*** Recorded information Section Begins ***
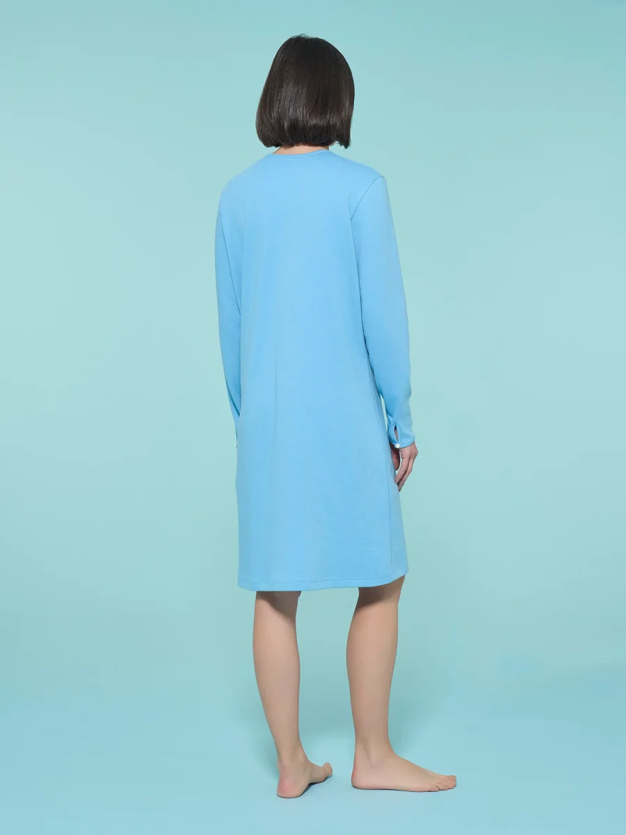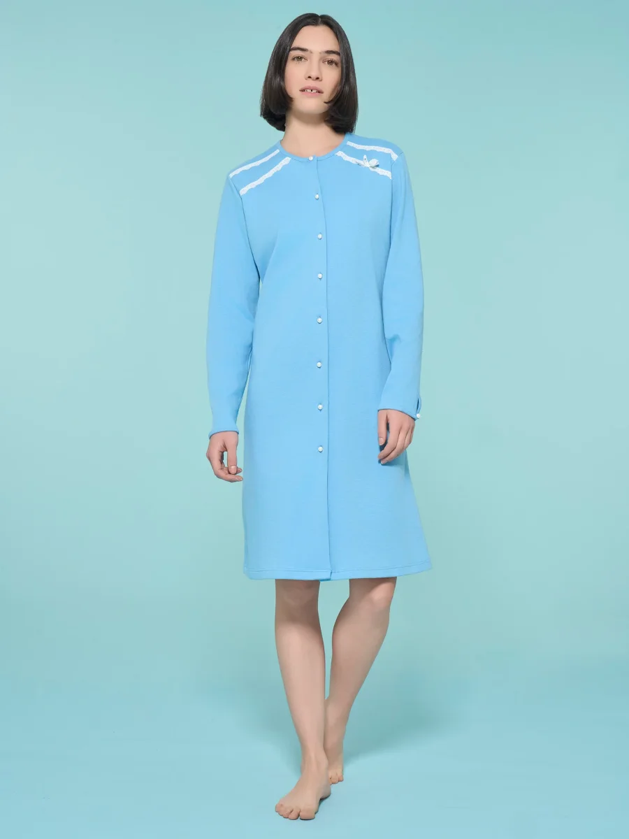 Immergerti in un universo di comfort con la camicia da notte aperta da donna in interlock di caldo cotone.
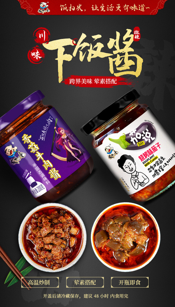 天猫福欣食品专营店29.8元,可领10元优惠券,实付19.8元到手,第二件0元,拍2件共到手4瓶,线下超市13.9元一瓶。有烧烤茄子小菜+香菇牛肉酱、竹笋牛肉酱 +香菇牛肉酱、香菇牛肉酱*2、酸菜鸡米酱+香菇牛肉酱 4种组合可选。
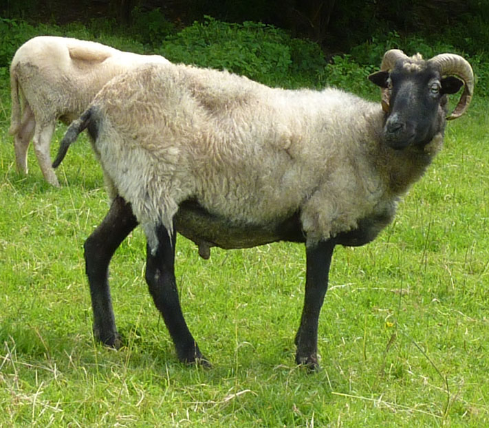 Das schwere weißköpfige Fleischschafbock wog zwischen 80 und 100kg, das ist für ein Schaf sehr viel und die Tierärztin war sicher, dass er nie wieder hätte laufen können.
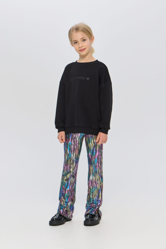The sequinned pants is a real fashion hit! Sparkling sequins add glitter to the light, making it the perfect choice for holidays, parties or special occasions. The flared silhouette creates a light and dynamic look, allowing your child to move freely and feel comfortable. Combining these pants with simple tops or blouses, you can create a harmonious look, where the emphasis will be on the glittery pants.
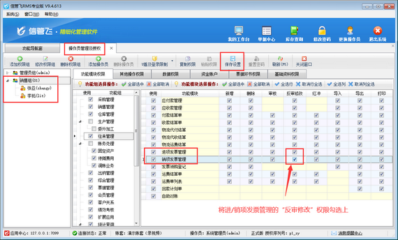 出現以上問題的原因是:操作員賬號沒有反審修改發票的權限。解決方法如下:使用系統管理員賬號登錄軟件,在功能導航窗點擊“系統管理”—》“操作員及授權”打開“操作員管理及授權”界面,選擇操作員賬號,在功能模塊權限內選擇“往來管理”模塊,將進/銷項發票管理的“反審修改”權限勾選上,然后保存權限設置,如下圖所示。
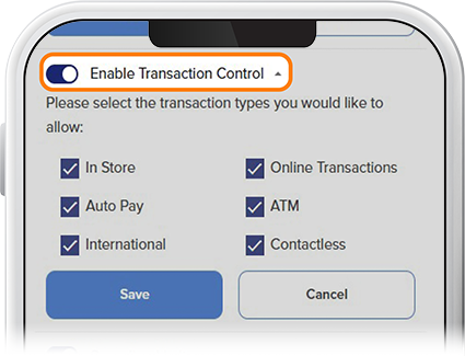To allow/disallow certain types of transactions, slide the “Enable Transaction Control” toggle to "On," check the boxes next to the transaction types you’d like to allow and uncheck those to block, then press Save.
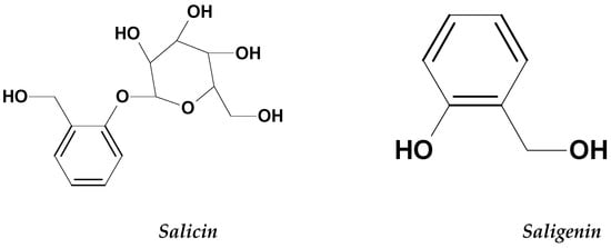 Willows belongs to the Salicaceae family and Salix genus, which contains about 400 species. It is also called osiers and sallows [48] depending on the shape of the leaves. Species with narrower lance-shaped leaves are known as osiers, and those with rounder lance-shaped leaves are known as sallows. Willows are native to cold temperate regions of the Northern Hemisphere. Their leaves and bark have been utilized in treating fevers and as a remedy for pain relief. Its pain relief effect has been studied scientifically, and the bioactive compound salicin (Figure 5) was found to be responsible for it [49,50].
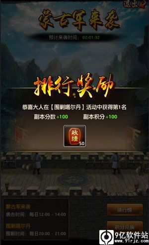 (3)围剿葛尔丹:围剿成功后根据排名获得政绩
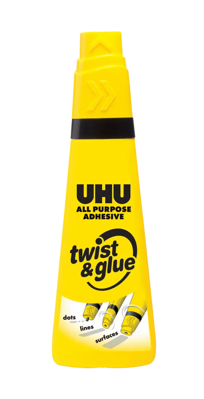 AP TWIST & GLUE, UHU All Purpose Adhesive twist & glue twist & glue, dokazano tekuće univerzalno ljepilo u mekanoj i praktičnoj plastičnoj bočici s jedinstvenim aplikatorom koji se može namjestiti u 3 položaja za lijepljenje točaka, linija i površina. Idealno je za širok raspon primjena kod kuće, u školi i uredu, za rukotvorine i modelarstvo. Potpuno prozirna formula brzo se suši i ispire se na 60 °C. Može se ponovno puniti. Omogućuje jednostavno i precizno lijepljenje po mjeri.
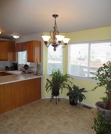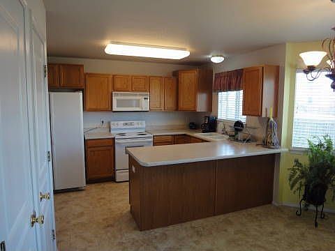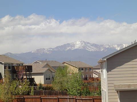 Great house with 4 bedrooms, 2.5 baths and a beautiful view of Pikes Peak. Vaulted ceilings in the living room and a gas fireplace too. Fully finished basement with bedroom, family room and bath. master is large and has adjoining bath with double sinks and two more bedrooms. Kitchen has built -in microwave and refrigerator. Eat in counter bar and dining area are nice and bright. Backyard is fulloy fenced and has a gate to the greenbelt and walking trail to Cottonwood Creek.
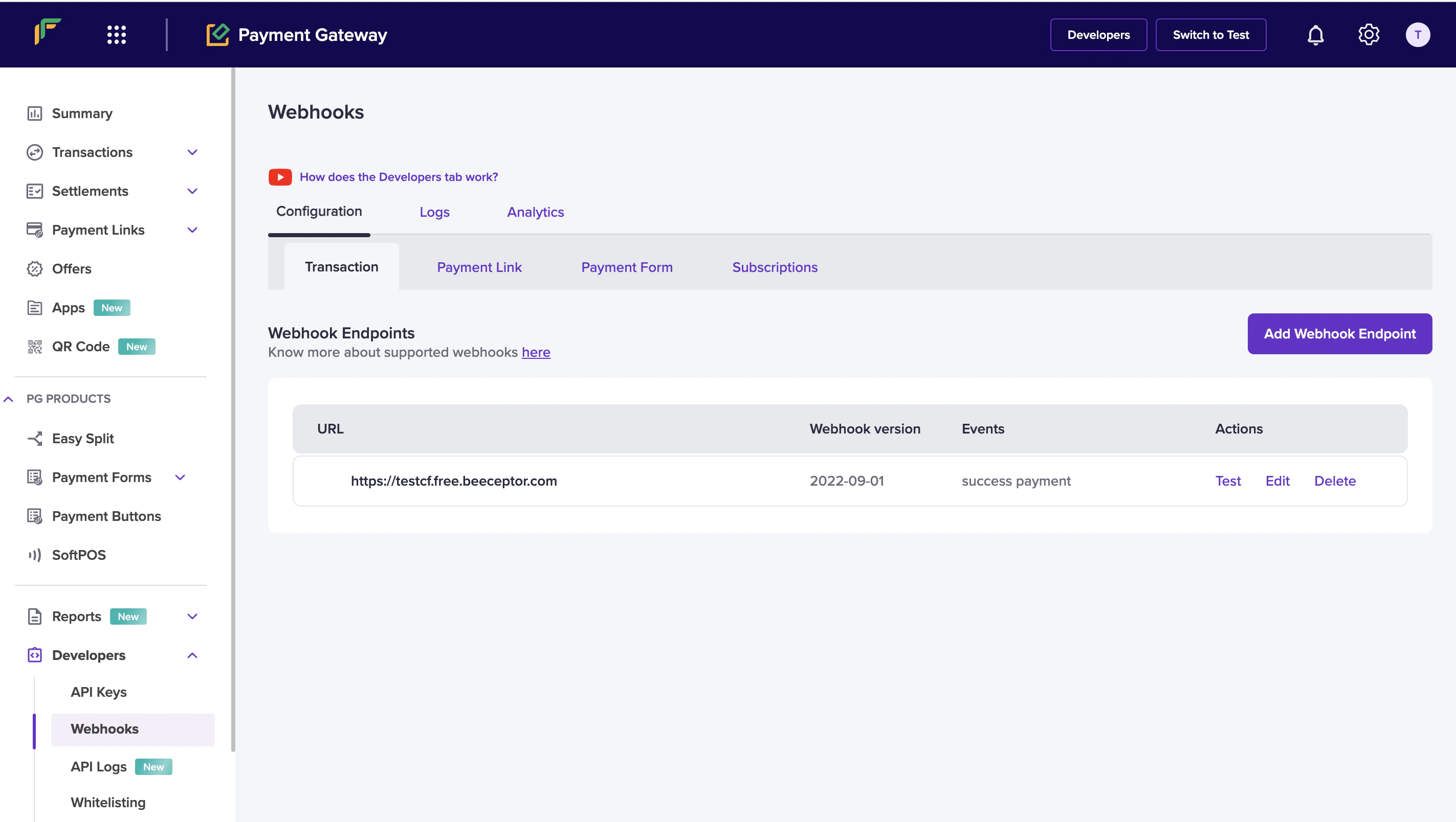 To add a new webhook,- Go to Payment Gateway Dashboard > Developers or click the Developers option from the homepage.
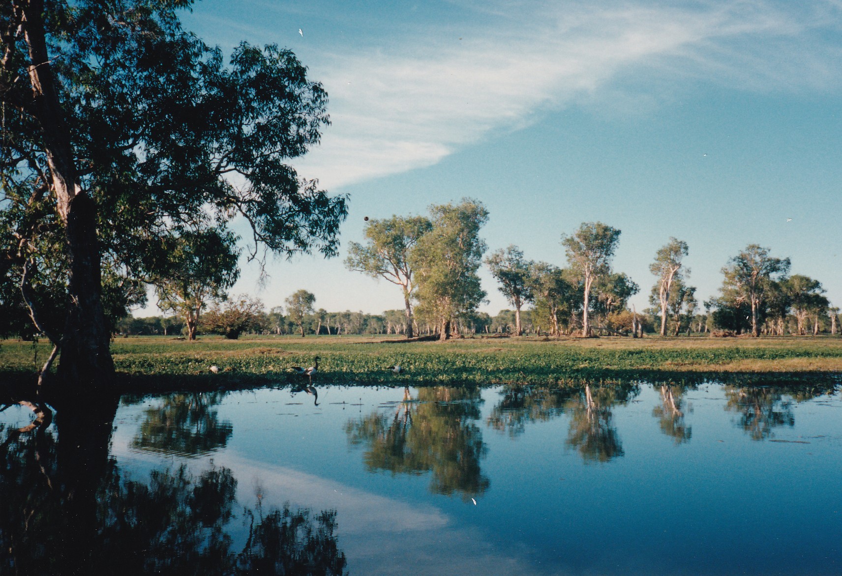 Up very early to go on morning cruise on Yellow Waters. Beautiful birds – named 26 species. Saw several crocodiles. Green native cress each side of billabong. Came back for breakfast at 9:00. Then loaded in Morris’s air conditioned vehicle and went to Jabiru, 1 hour waiting around shopping centre, pleasant and cool. Up to Ubirr Rock. Good art and view 360 degrees. Took panarama photo but ran out of film half way through. Shot took in ‘Hoges back yard’. Then we came back to Nourlangie Rock which also had good art Lightening Man and Barramundi, his wife and another. Home to Cooinda, mossquitoes very bad again.
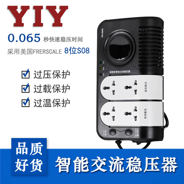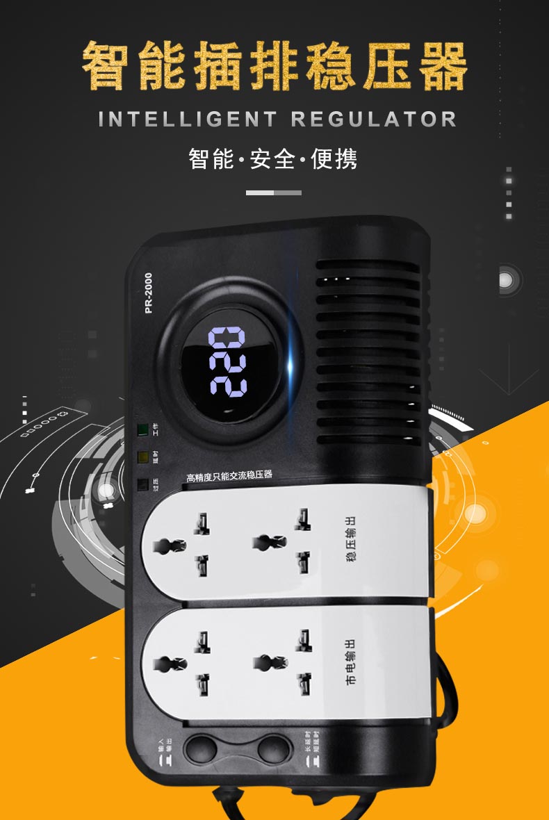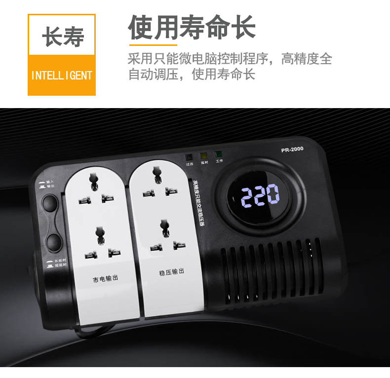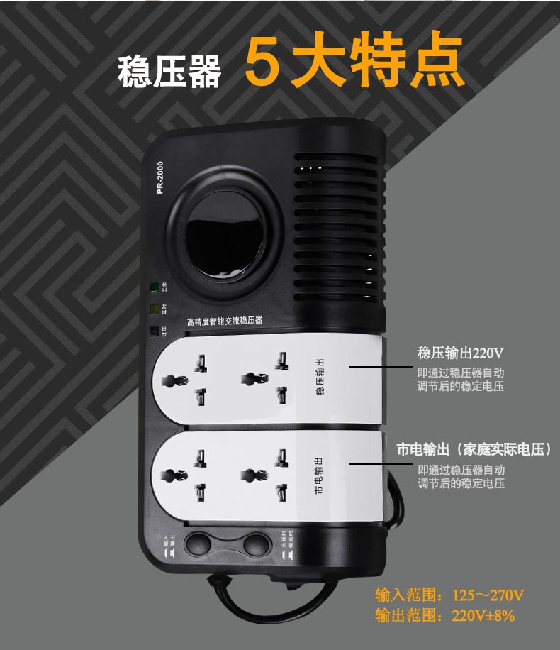 產品簡介: PR-2000系列是我公司新開發的一款全自動智能型便攜式穩壓器,為滿足日益增加的便攜式電源的需求而設計,該穩壓器擁有緊湊和時尚的外觀,蜂鳴報警、智能過載保護等功率。 適用于1000W以下的負載設備,如電腦、電視、冰箱、麻將機等小功率家電設備和數碼產品。
*** Recorded information Section Ends ***
§ About this exercise:
Once the pictures are set aside, transcribe the remaining lines above exactly.

§ Answer:
 Immergerti in un universo di comfort con la camicia da notte aperta da donna in interlock di caldo cotone.
 天猫福欣食品专营店29.8元,可领10元优惠券,实付19.8元到手,第二件0元,拍2件共到手4瓶,线下超市13.9元一瓶。有烧烤茄子小菜+香菇牛肉酱、竹笋牛肉酱 +香菇牛肉酱、香菇牛肉酱*2、酸菜鸡米酱+香菇牛肉酱 4种组合可选。
 Das schwere weißköpfige Fleischschafbock wog zwischen 80 und 100kg, das ist für ein Schaf sehr viel und die Tierärztin war sicher, dass er nie wieder hätte laufen können.
The sequinned pants is a real fashion hit! Sparkling sequins add glitter to the light, making it the perfect choice for holidays, parties or special occasions. The flared silhouette creates a light and dynamic look, allowing your child to move freely and feel comfortable. Combining these pants with simple tops or blouses, you can create a harmonious look, where the emphasis will be on the glittery pants.
 出現以上問題的原因是:操作員賬號沒有反審修改發票的權限。解決方法如下:使用系統管理員賬號登錄軟件,在功能導航窗點擊“系統管理”—》“操作員及授權”打開“操作員管理及授權”界面,選擇操作員賬號,在功能模塊權限內選擇“往來管理”模塊,將進/銷項發票管理的“反審修改”權限勾選上,然后保存權限設置,如下圖所示。
To allow/disallow certain types of transactions, slide the “Enable Transaction Control” toggle to "On," check the boxes next to the transaction types you’d like to allow and uncheck those to block, then press Save.
 Willows belongs to the Salicaceae family and Salix genus, which contains about 400 species. It is also called osiers and sallows [48] depending on the shape of the leaves. Species with narrower lance-shaped leaves are known as osiers, and those with rounder lance-shaped leaves are known as sallows. Willows are native to cold temperate regions of the Northern Hemisphere. Their leaves and bark have been utilized in treating fevers and as a remedy for pain relief. Its pain relief effect has been studied scientifically, and the bioactive compound salicin (Figure 5) was found to be responsible for it [49,50].
 (3)围剿葛尔丹:围剿成功后根据排名获得政绩
 AP TWIST & GLUE, UHU All Purpose Adhesive twist & glue twist & glue, dokazano tekuće univerzalno ljepilo u mekanoj i praktičnoj plastičnoj bočici s jedinstvenim aplikatorom koji se može namjestiti u 3 položaja za lijepljenje točaka, linija i površina. Idealno je za širok raspon primjena kod kuće, u školi i uredu, za rukotvorine i modelarstvo. Potpuno prozirna formula brzo se suši i ispire se na 60 °C. Može se ponovno puniti. Omogućuje jednostavno i precizno lijepljenje po mjeri.
 Great house with 4 bedrooms, 2.5 baths and a beautiful view of Pikes Peak. Vaulted ceilings in the living room and a gas fireplace too. Fully finished basement with bedroom, family room and bath. master is large and has adjoining bath with double sinks and two more bedrooms. Kitchen has built -in microwave and refrigerator. Eat in counter bar and dining area are nice and bright. Backyard is fulloy fenced and has a gate to the greenbelt and walking trail to Cottonwood Creek.
 To add a new webhook,- Go to Payment Gateway Dashboard > Developers or click the Developers option from the homepage.
 Up very early to go on morning cruise on Yellow Waters. Beautiful birds – named 26 species. Saw several crocodiles. Green native cress each side of billabong. Came back for breakfast at 9:00. Then loaded in Morris’s air conditioned vehicle and went to Jabiru, 1 hour waiting around shopping centre, pleasant and cool. Up to Ubirr Rock. Good art and view 360 degrees. Took panarama photo but ran out of film half way through. Shot took in ‘Hoges back yard’. Then we came back to Nourlangie Rock which also had good art Lightening Man and Barramundi, his wife and another. Home to Cooinda, mossquitoes very bad again.
 產品簡介: PR-2000系列是我公司新開發的一款全自動智能型便攜式穩壓器,為滿足日益增加的便攜式電源的需求而設計,該穩壓器擁有緊湊和時尚的外觀,蜂鳴報警、智能過載保護等功率。 適用于1000W以下的負載設備,如電腦、電視、冰箱、麻將機等小功率家電設備和數碼產品。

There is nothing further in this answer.